The nonlinear damping characteristics of friction wedges in the secondary suspension of a freight wagon are investigated considering non-smooth unilateral contact, multi-axis motions, slip-stick conditions, and geometry of the wedges. The parameters of the contact pairs within the suspension were identified to achieve smooth and efficient numerical solutions while ensuring adequate accuracy. The friction wedge model was integrated into the multibody dynamic model of a three-piece bogie to study the effects of wedge properties on hunting characteristics. The resulting 114-degrees-of-freedom wagon model incorporated constraints due to side bearings, axle boxes, and the centre plates, while the wheel-rail contact forces were obtained using the FastSim algorithm. The simulation results were obtained to study hunting characteristics of the wagon in terms of critical speed and the predominant oscillation frequency. The study also examined the effects of wedge friction and geometry on lateral stability characteristics of the freight car. The results showed subcritical Hopf bifurcation of dynamic responses of the wagon. The parametric study showed an increase in the wedge angle, friction coefficient, and springs free length to yield higher critical speed. The validated dynamic model of the wagon is further used to investigate the effects of liquid sloshing on hunting speed of partly filled tank car. An analytical liquid slosh model is used to capture dynamic response of the liquid cargo in a horizontal cylindrical tank using up to five fundamental modes in the roll plane under lateral as well as yaw motions of the tank car. The liquid slosh model is co-simulated with the comprehensive nonlinear model of a railway tank car to evaluate the lateral dynamic response of the tank car. The results suggest that fill levels and the corresponding slosh forces can adversely affect the lateral stability performance and yield lower critical hunting speed of railway tank car.
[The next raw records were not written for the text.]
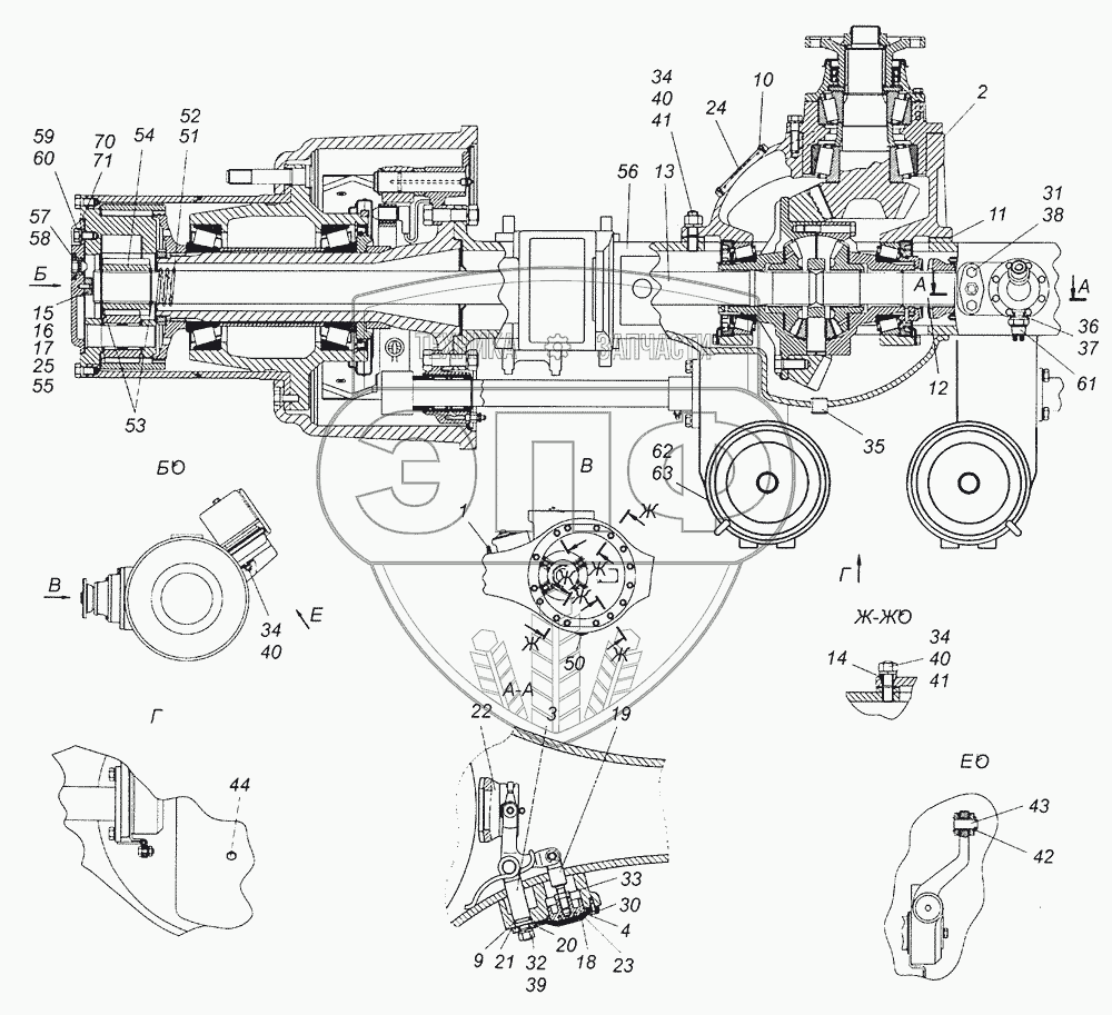 Каталог запасных частей к технике: Камский автозавод 65226. 6522-2400321-10 Мост задний
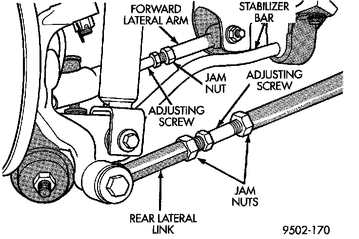 1. For either rear wheel needing alignment, loosen the adjusting screw jam nuts on both the front and the rear lateral links.
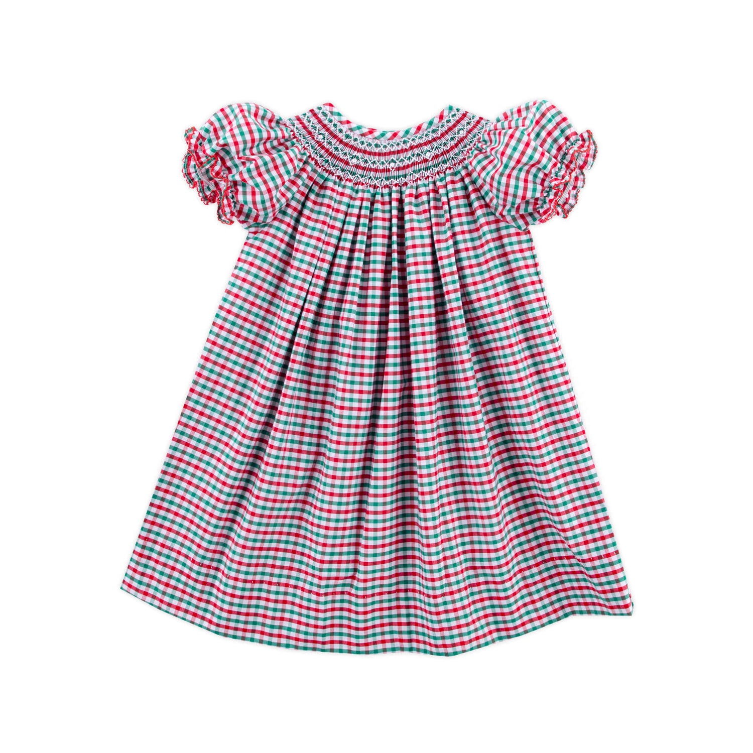 Celebrate Christmas in our Christmas Card Gingham Smocked Bishop Dress. This charming green gingham dress features elegant smocking, and bishop sleeves with red ric rac trim, making it perfect for the festive season. A timeless choice for your holiday celebrations!
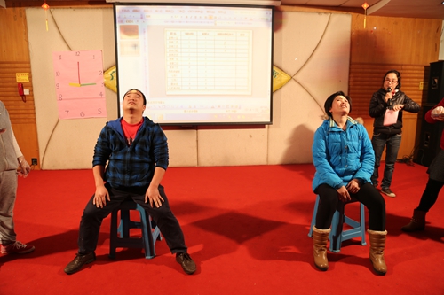 羊年的正月十四晚7:30我公寓全体员工和老人齐聚二楼舞厅,一场重阳版的《奔跑吧,兄弟》正在等着大家。活动内容包括“下腰过杆”“抢凳子”“挤眉弄眼吃饼干”“扮时钟”“你演我猜”。大家摩拳擦掌,跃跃欲试,现场充满了尖叫声和欢笑声。最后,行政二组、康复一区、颐养五区、行政一组分别获得了一二三等奖,其中康复一区和颐养五区并列荣获第二名。
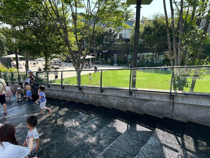 わが家は今回、PARKではなく、PLAY!施設の近くで水遊びをして帰りました(安上り!)。階段の上の方に行けば、建物の影に隠れて涼しく遊べますし、着替えはグリーンスプリングスEAST棟(E2)1階のベビールームが利用できます。
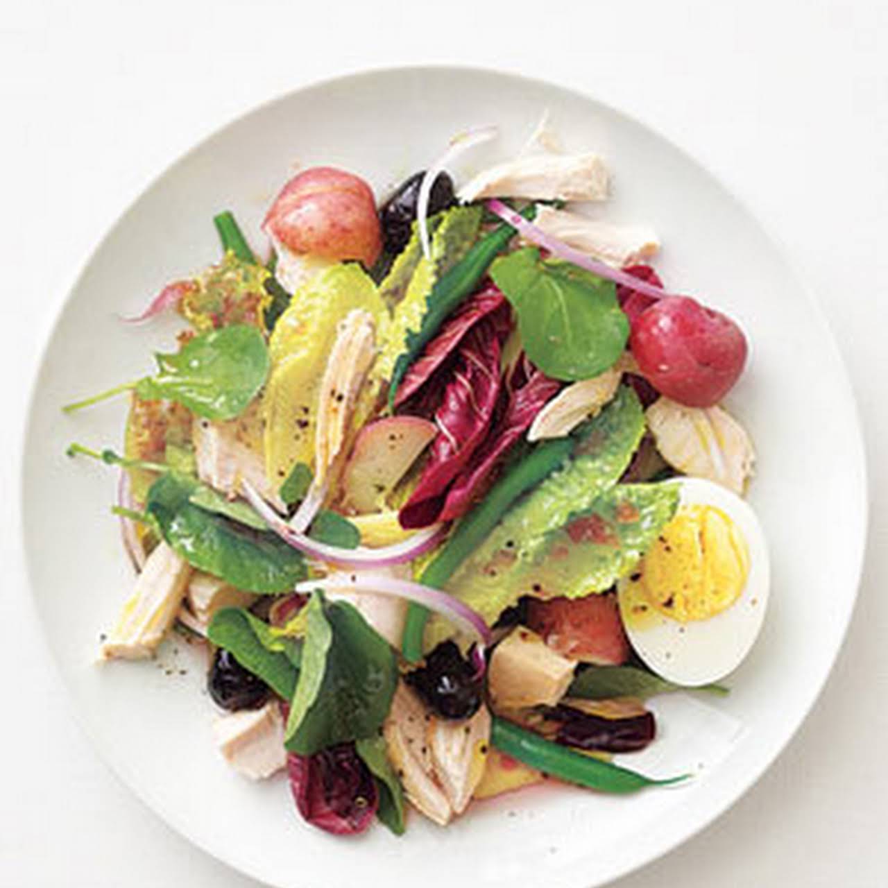 Chicken Nioise Salad taking into consideration Green Beans, supplementary Potatoes, Large Eggs, Salad Greens, Rotisserie Chicken, Red Onion, Black Olives, Vinaigrette
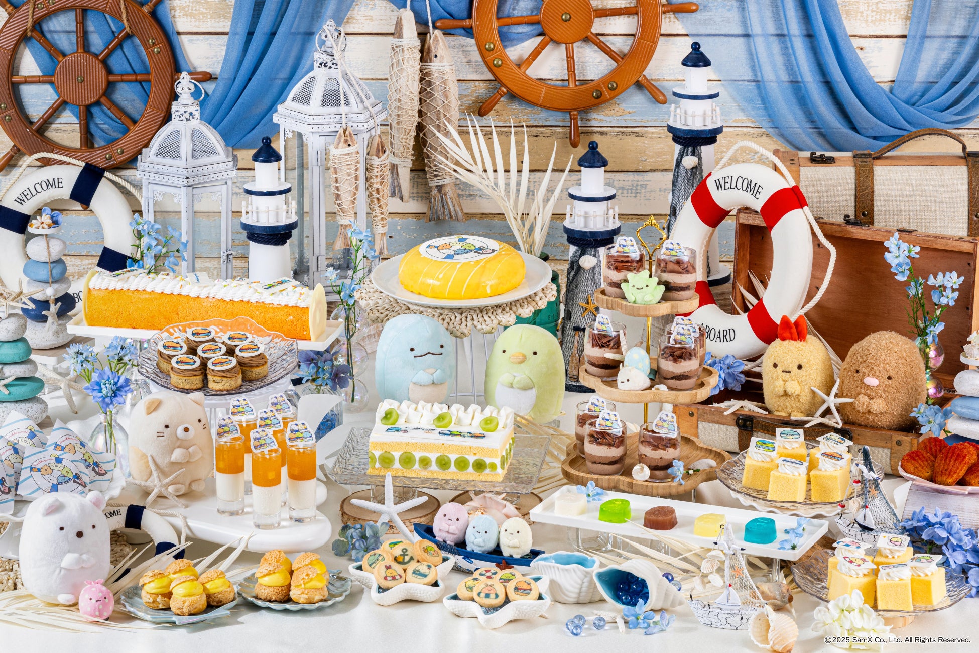 九州で初開催となるすみっコぐらしコラボレーションスイーツビュッフェ「すみっコたちのマリンパーティ」では、マリンスタイルに身を包んだすみっコたちと、すみっコぐらしの「マリンごっこ」のテーマに着想を得た約20種類のスイーツとセイボリー(軽食)をご用意しています。
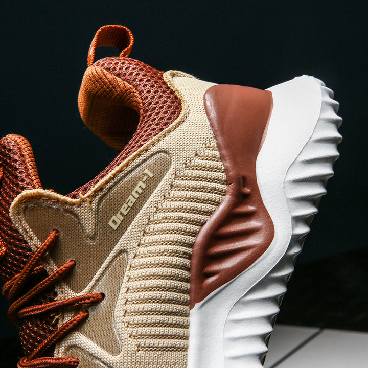 • The running shoes sole made from high elasticity MD material,the pattern on the bottom of sole features flexible grooves,strengthen the shoes ability of anti-skid and grip,helping users adapt to any road condition.
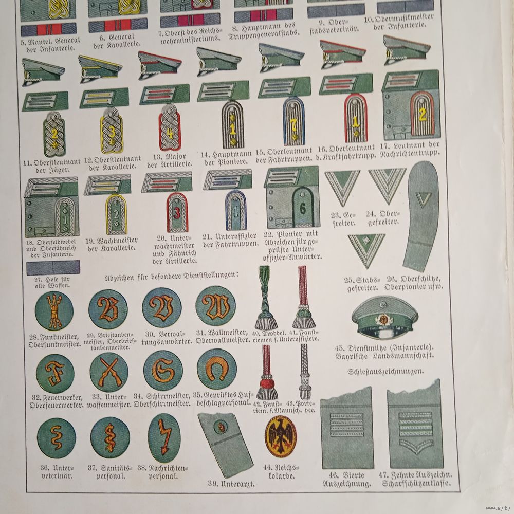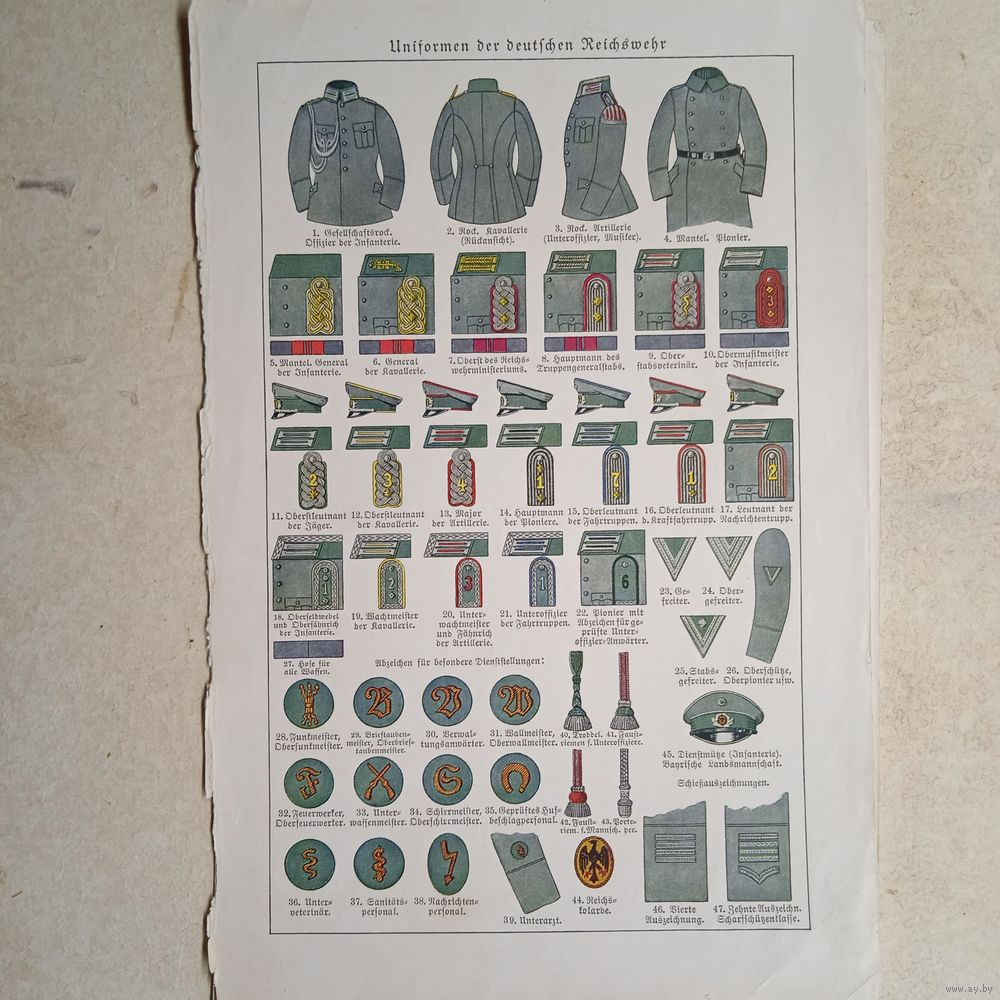 Униформа. Литография Германия. Гравюра нач. 20в. 24х16см. РАСПРОДАЖА КОЛЛЕКЦИИ.

The influence of liquid cargo sloshing on the dynamic performance of railway tanker in a typical curve negotiation is further examined using the proposed coupled co-simulation model. The performance measures include car roll angle, unloading of the wheelset and derailment quotient. The results clearly demonstrate that partial state of the tank car and resulting slosh could lead to a significantly larger dynamic response of the system and may result in separation of wheel and rail contact at lower forward speed in comparison to the rigid cargo assumption. Dynamic simulations of partially filled railway tank cars without fluid slosh consideration will thus lead to underestimation of overturning critical conditions on the curving manoeuvres. Above performance measures in a switch-passing manoeuvre is finally examined for different fill ratios and switch geometries. The results obtained for the coupled vehicle and liquid slosh model clearly showed strong interactions between the switch-induced transient liquid slosh and vehicle dynamics for the partial-fill ratio of 60% and less. The effect of fluid slosh on the car body roll angle and wheelset unloading ratio was observed to diminish with fill ratio above 90%. Neglecting the contributions due to dynamic slosh force and roll moment may lead to overestimation of the critical speed in switch-passing manoeuvres if the car is partially filled.